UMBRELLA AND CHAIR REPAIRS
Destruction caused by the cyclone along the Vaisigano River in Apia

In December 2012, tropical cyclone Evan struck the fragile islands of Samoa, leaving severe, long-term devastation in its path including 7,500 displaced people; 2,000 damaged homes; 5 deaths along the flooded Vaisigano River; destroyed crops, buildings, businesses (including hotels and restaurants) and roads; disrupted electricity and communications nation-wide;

* * *

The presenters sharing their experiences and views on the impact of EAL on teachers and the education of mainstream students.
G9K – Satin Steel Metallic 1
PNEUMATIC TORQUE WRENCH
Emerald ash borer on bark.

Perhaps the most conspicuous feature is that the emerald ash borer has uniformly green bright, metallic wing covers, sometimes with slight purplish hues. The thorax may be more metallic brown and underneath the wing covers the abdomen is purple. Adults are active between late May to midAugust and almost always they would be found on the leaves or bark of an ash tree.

---

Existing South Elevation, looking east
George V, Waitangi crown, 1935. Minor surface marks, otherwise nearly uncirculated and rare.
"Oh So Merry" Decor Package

About this exercise » Your answer should consist only of the lines above between the line holding "UMBRELLA AND CHAIR REPAIRS" and the line holding "In December 2012, tropical", inclusive, each transcribed exactly.

Task output »
UMBRELLA AND CHAIR REPAIRS
Destruction caused by the cyclone along the Vaisigano River in Apia

In December 2012, tropical cyclone Evan struck the fragile islands of Samoa, leaving severe, long-term devastation in its path including 7,500 displaced people; 2,000 damaged homes; 5 deaths along the flooded Vaisigano River; destroyed crops, buildings, businesses (including hotels and restaurants) and roads; disrupted electricity and communications nation-wide;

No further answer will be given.